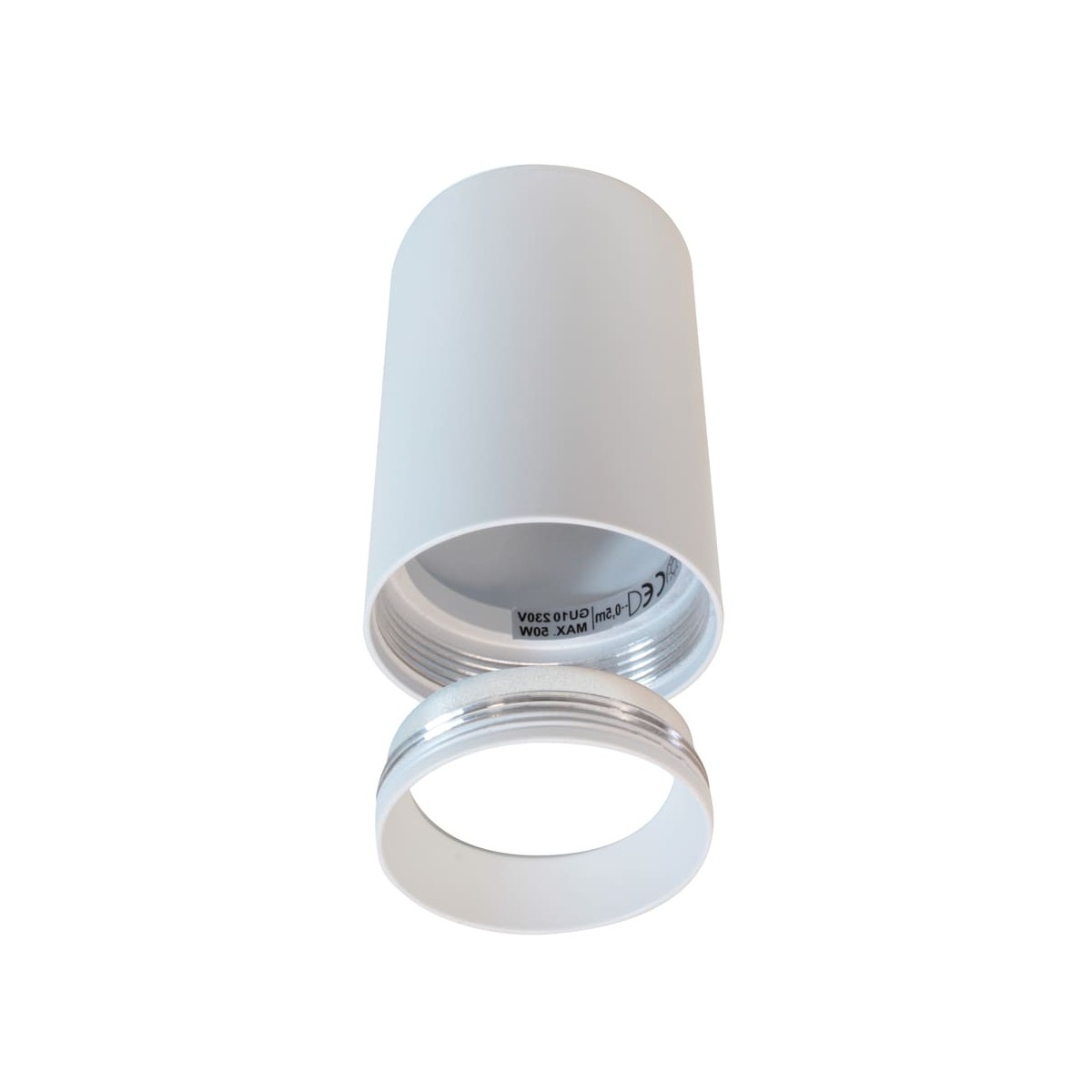 Fixed cylindrical ceiling spotlight for GU10 bulb, easy to install and replace the bulb without disassembly. The spotlight is made of matt lacquered aluminium. Perfect to focus the lighting.
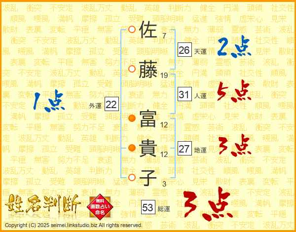 佐(7画)藤(19画) 富(12画)貴(12画)子(3画)
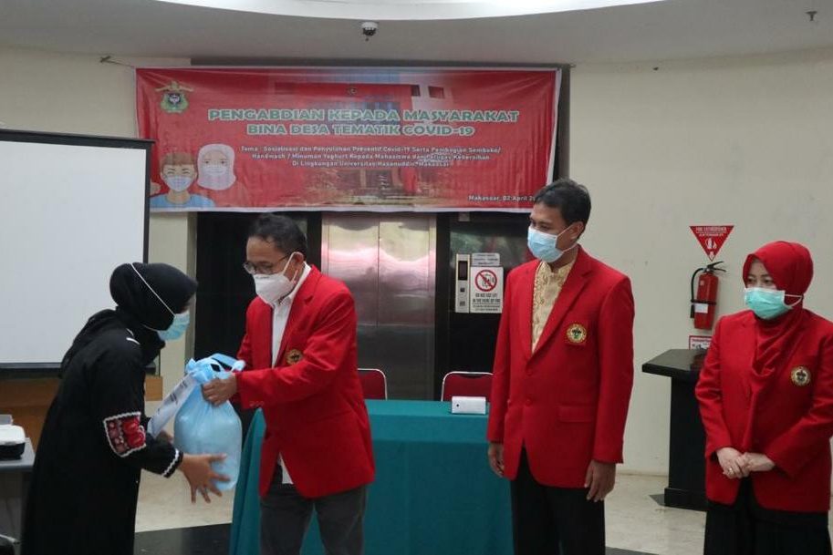 Selain sosialisasi, kegiatan ini juga diisi dengan pembagian sembako, cairan pembersih tangan, dan minuman herbal untuk masyarakat di sekitar lingkungan Unhas.
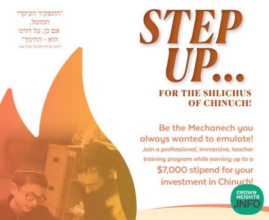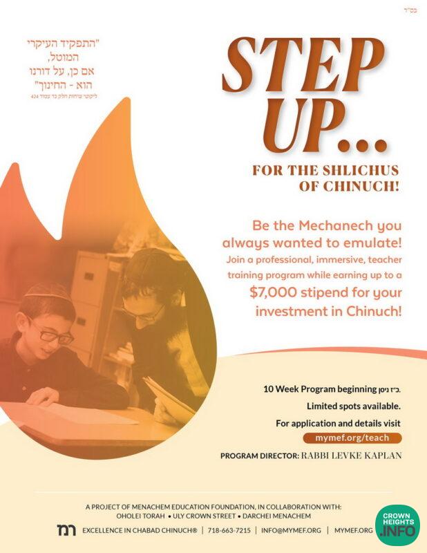 As an organization dedicated to the success of Chabad Chinuch, the Menachem Education Foundation is working to solve the teacher shortage crisis by opening a 10 week course called “Step Up for the Shlichus of Chinuch,” for Chabad Kollel Yungeleit to receive professional teacher training in Crown Heights.
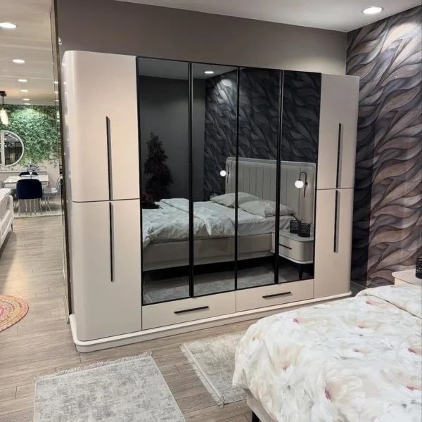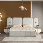 Sleep in style with this sophisticated deco bed. The high, fluted headboard features built-in globe lighting and a soft cream velvet finish that creates a serene and high-end sleeping environment.
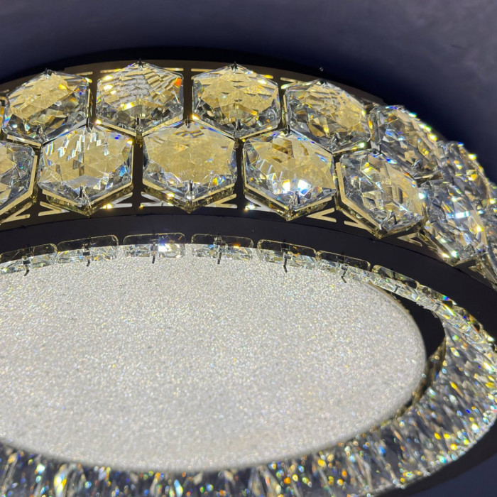 - Круглая форма с хрустальными вставками — мягкий блеск и объем света.
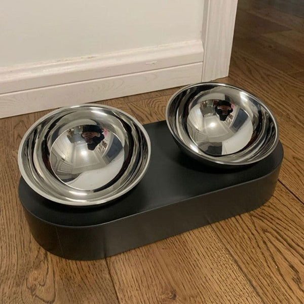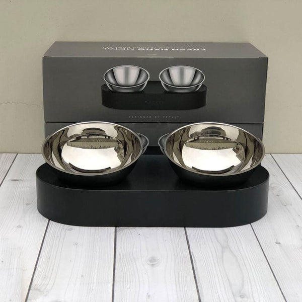 Este cuenco doble para gatos de diseño contemporáneo cuenta con 2 cuencos higiénicos de acero inoxidable, una excelente opción para la salud de sus perros y gatos.
....................
◆ WHAT NEEDS TO BE DONE: Return all the material exactly, pictures excluded.

◆ OUTPUT FOR THIS EXERCISE:
 Fixed cylindrical ceiling spotlight for GU10 bulb, easy to install and replace the bulb without disassembly. The spotlight is made of matt lacquered aluminium. Perfect to focus the lighting.
 佐(7画)藤(19画) 富(12画)貴(12画)子(3画)
 Selain sosialisasi, kegiatan ini juga diisi dengan pembagian sembako, cairan pembersih tangan, dan minuman herbal untuk masyarakat di sekitar lingkungan Unhas.
 As an organization dedicated to the success of Chabad Chinuch, the Menachem Education Foundation is working to solve the teacher shortage crisis by opening a 10 week course called “Step Up for the Shlichus of Chinuch,” for Chabad Kollel Yungeleit to receive professional teacher training in Crown Heights.
 Sleep in style with this sophisticated deco bed. The high, fluted headboard features built-in globe lighting and a soft cream velvet finish that creates a serene and high-end sleeping environment.
 - Круглая форма с хрустальными вставками — мягкий блеск и объем света.
 Este cuenco doble para gatos de diseño contemporáneo cuenta con 2 cuencos higiénicos de acero inoxidable, una excelente opción para la salud de sus perros y gatos.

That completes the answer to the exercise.